DIRECTIONS:
The expected result is an exact copy of the lines from the one holding "Clutch pencil style" to the last line of the material, with pictures removed and nothing added.

GIVEN RECORDS:
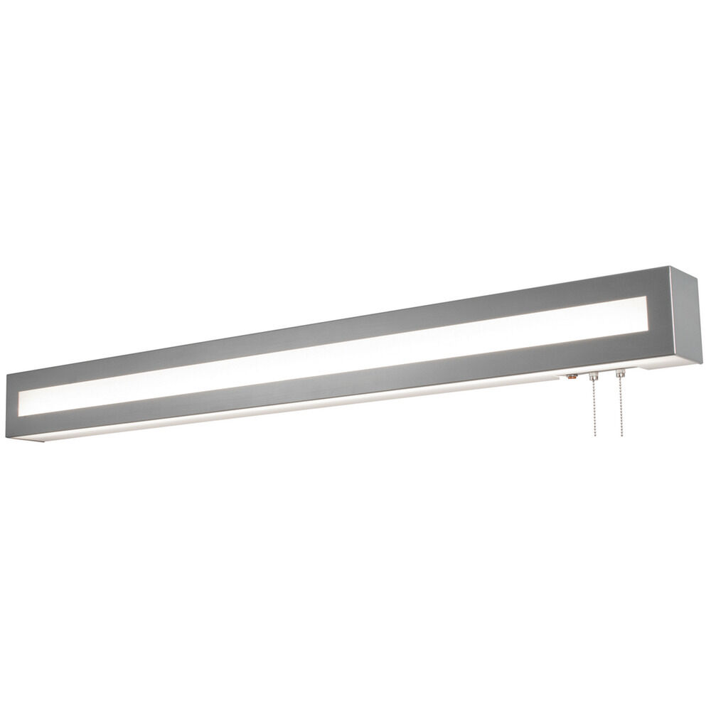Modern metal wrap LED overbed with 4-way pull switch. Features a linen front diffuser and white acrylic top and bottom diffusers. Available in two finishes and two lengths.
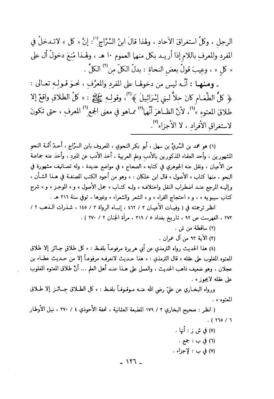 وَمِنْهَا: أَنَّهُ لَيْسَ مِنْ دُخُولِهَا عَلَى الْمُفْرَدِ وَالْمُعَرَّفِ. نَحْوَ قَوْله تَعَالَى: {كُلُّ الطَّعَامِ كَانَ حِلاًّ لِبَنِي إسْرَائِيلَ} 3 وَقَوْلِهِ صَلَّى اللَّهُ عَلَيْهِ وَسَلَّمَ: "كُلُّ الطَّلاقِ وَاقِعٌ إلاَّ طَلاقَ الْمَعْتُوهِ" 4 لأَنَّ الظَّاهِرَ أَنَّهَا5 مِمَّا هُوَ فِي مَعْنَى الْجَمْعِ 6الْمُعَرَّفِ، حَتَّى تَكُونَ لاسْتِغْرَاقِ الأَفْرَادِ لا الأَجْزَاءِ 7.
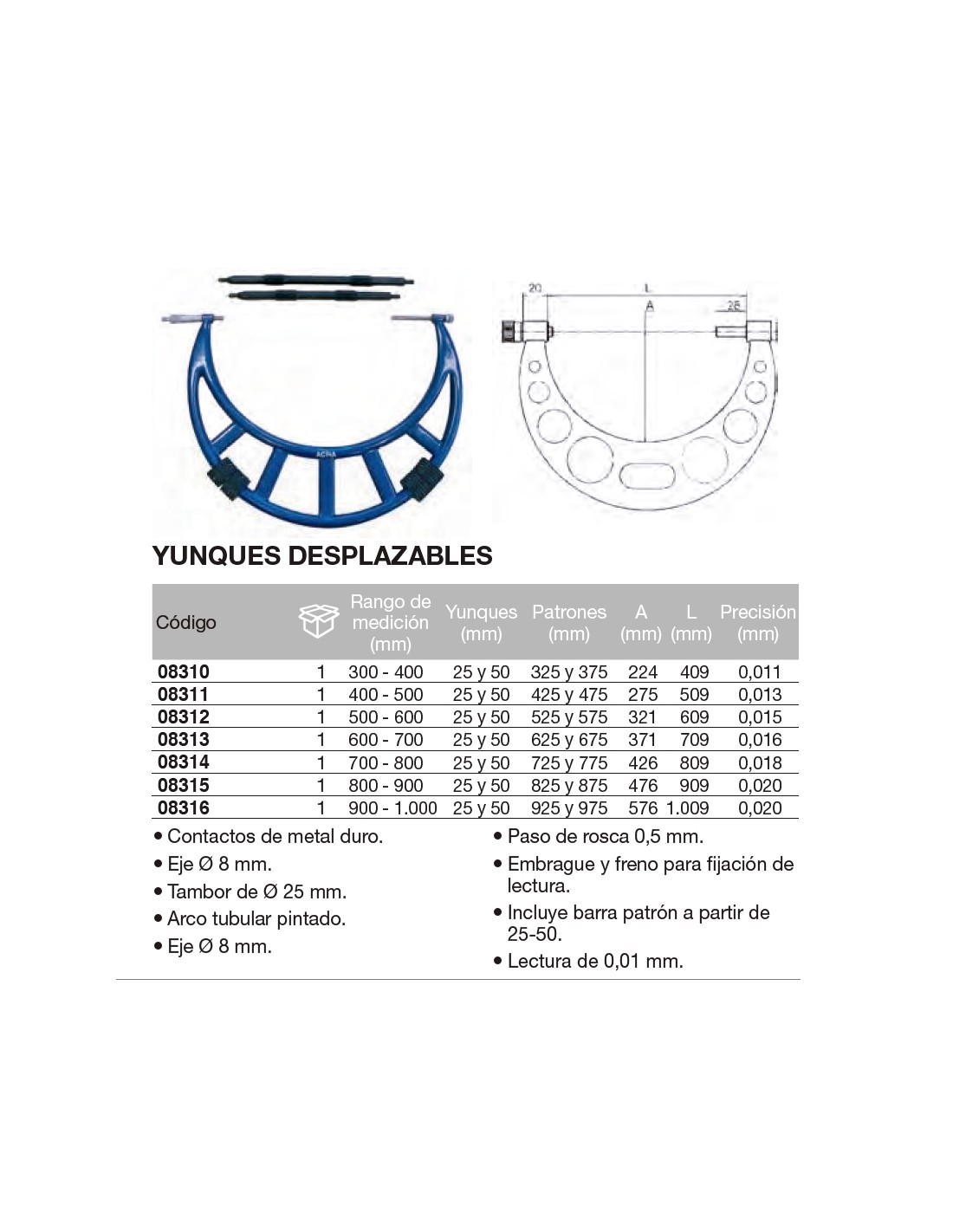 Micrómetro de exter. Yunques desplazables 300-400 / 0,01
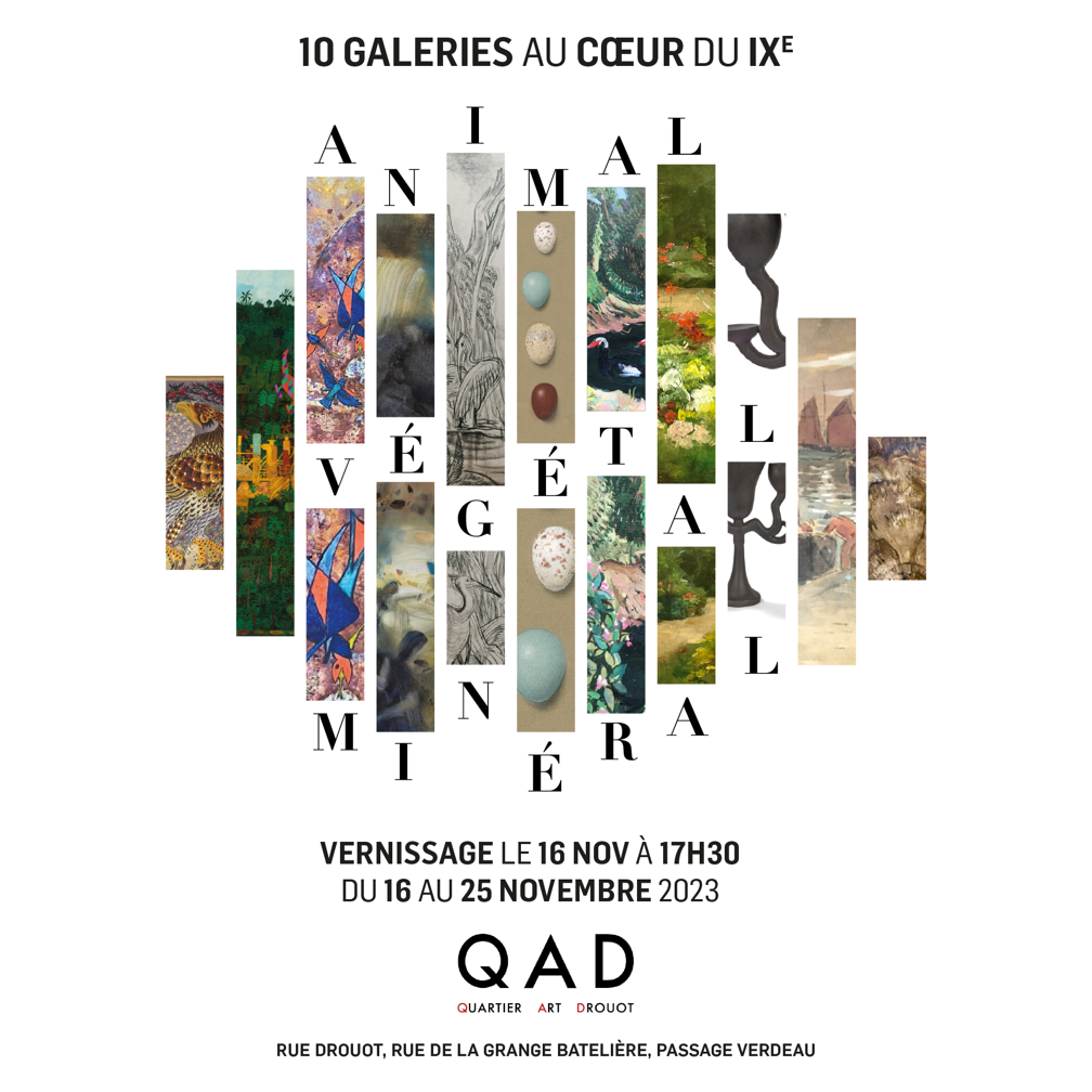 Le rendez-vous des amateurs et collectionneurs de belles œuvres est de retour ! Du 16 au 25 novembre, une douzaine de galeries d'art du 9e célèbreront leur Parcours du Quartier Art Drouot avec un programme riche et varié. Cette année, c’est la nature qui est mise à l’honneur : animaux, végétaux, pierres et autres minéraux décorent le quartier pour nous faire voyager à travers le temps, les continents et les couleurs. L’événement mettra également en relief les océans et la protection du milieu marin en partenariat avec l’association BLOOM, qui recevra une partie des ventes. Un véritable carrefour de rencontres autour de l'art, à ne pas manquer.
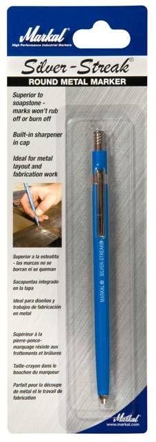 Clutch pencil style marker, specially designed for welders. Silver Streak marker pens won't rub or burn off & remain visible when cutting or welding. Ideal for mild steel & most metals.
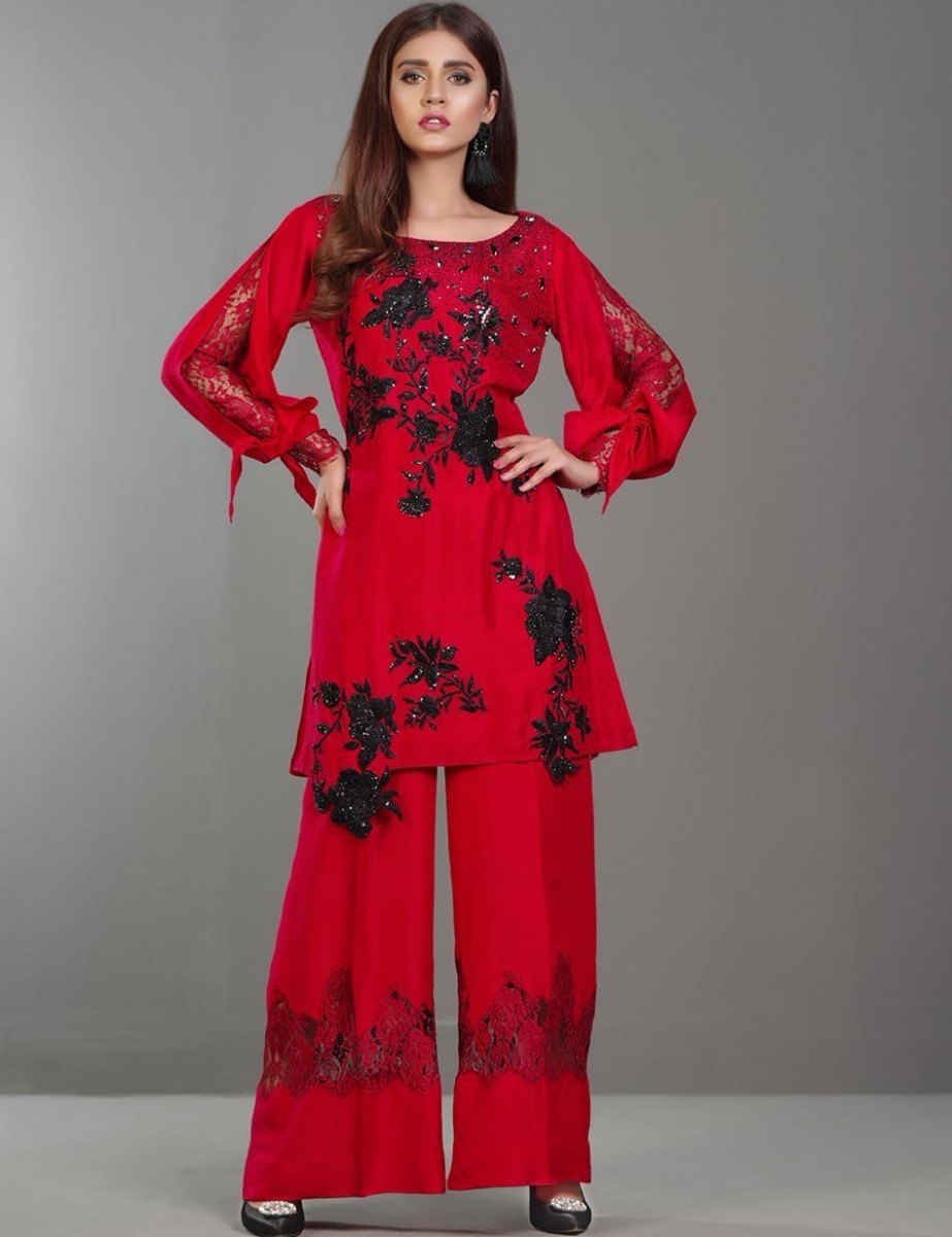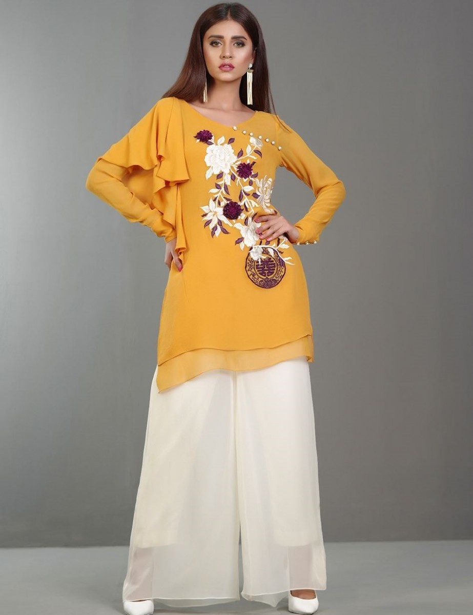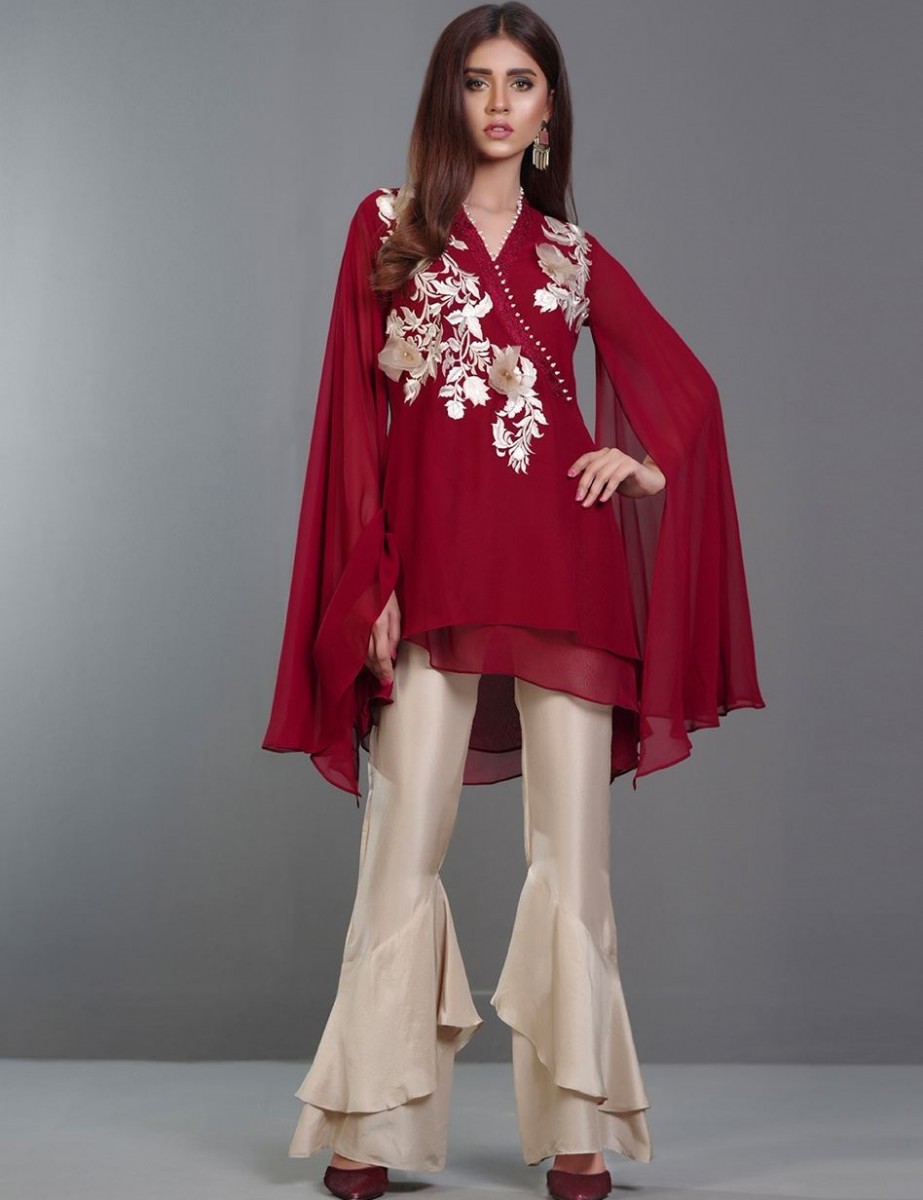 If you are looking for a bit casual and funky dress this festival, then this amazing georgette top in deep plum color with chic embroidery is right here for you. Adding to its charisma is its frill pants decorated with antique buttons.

RESPONSE AREA:
 Clutch pencil style marker, specially designed for welders. Silver Streak marker pens won't rub or burn off & remain visible when cutting or welding. Ideal for mild steel & most metals.
 If you are looking for a bit casual and funky dress this festival, then this amazing georgette top in deep plum color with chic embroidery is right here for you. Adding to its charisma is its frill pants decorated with antique buttons.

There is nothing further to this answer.